Entranhamo-nos de fado, do nosso fado, dessa dor, anseio, nostalgia, sentimento de perda. Saudade do que foi – almas perdidas que somos nós.
A tendência portuguesa para a nostalgia é antiga, nasceu com Portugal. São heranças, antepassados, misturas culturais muitas que nos fizeram assim. Nós, portugueses, somos capazes de sentir falta até do que nunca tivemos.
A História portuguesa não é fácil de se entender: é repleta de histórias simples que não são fáceis de contar e de histórias complexas que nos passam ao lado. As que não são fáceis de contar estão carregadas de tristeza e dor, e ao mesmo tempo de felicidade e coisas maravilhosas, por isso trazemos na ideia um fascínio de ser português que não sabemos, propriamente, explicar.
Já o Almada Negreiros, em homenagem a Camões, sobre esta coisa lusitana de ser, dizia “É fado nosso / é nacional / não há portugueses / há Portugal. Pois: Portugal é assim uma nuvem e nós estamos todos lá dentro metidos. É uma nuvem que às vezes tem cor de chumbo e outras vezes não tem cor nenhuma, é só nuvem. Por vezes, deixa-nos encharcados, sem escapatória possível. E outras vezes, ainda, dissipa-se e deixa-nos ver a claridade, fica assim uma aura luminosa, como aqueles mistérios de Deus ou lá o que são aquelas cores brilhantes com raios que aparecem no céu. E a verdade é que de repente somos invadidos por uma alegria imensa, que, tal como acontece com as nostalgias, não sabemos explicar de onde veio.
O fado cantado mostra tudo isso: a saudade, a dor das coisas passadas, sobretudo das que não voltam mais. E os amores perdidos? Ah, esses dariam para escrever uma história inteira.
Muitos de nós, portugueses, não fazemos mais do que viver num passado de ilusões, à espera que tudo melhore por si. E, enquanto ficamos nessa modorra, fazemos tudo com muito queixume.
Hoje, a todo o momento, parece que avistamos os fantasmas que nos atormentaram, revivemos a república do medo, da humilhação. Não há uma censura declarada, mas há a velada, que, não raro, sabemos que aquele que diz o que pensa é posto de lado por outros, retirado da roda de conhecimentos de determinados grupos de pessoas, assim com muita frequência, que isto a nível social vai uma crise que nem vos digo!

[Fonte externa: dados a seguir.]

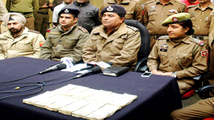 SP City Shiv Kumar Singh Chouhan interacting with media persons at Jammu on Tuesday. SDPO City Perbeet Singh, SHO City Inspector Shakti Sharma and SHO Bus-Stand Inspector Paramjit Singh are also seen in the picture. -Excelsior/ Rakesh

Isto faz-me pensar que Portugal esteve sempre mergulhado em crises, crises de variadas naturezas. É fado nosso, é português.
Lembro-me de ter assistido recentemente ao programa que o Bourdain realizou em Lisboa, em que, tendo entrevistado o Lobo Antunes, se referia a ele como um “velho homem” que tape a boca e baixe o tom de voz, com medo ainda de ser ouvido pela PIDE. Nós sabemos que o Lobo Antunes gosta de falar baixinho e por vezes assim entredentes, mas o viajante e apresentador de televisão americano fez esse retrato de nós. E não andará muito longe da verdade.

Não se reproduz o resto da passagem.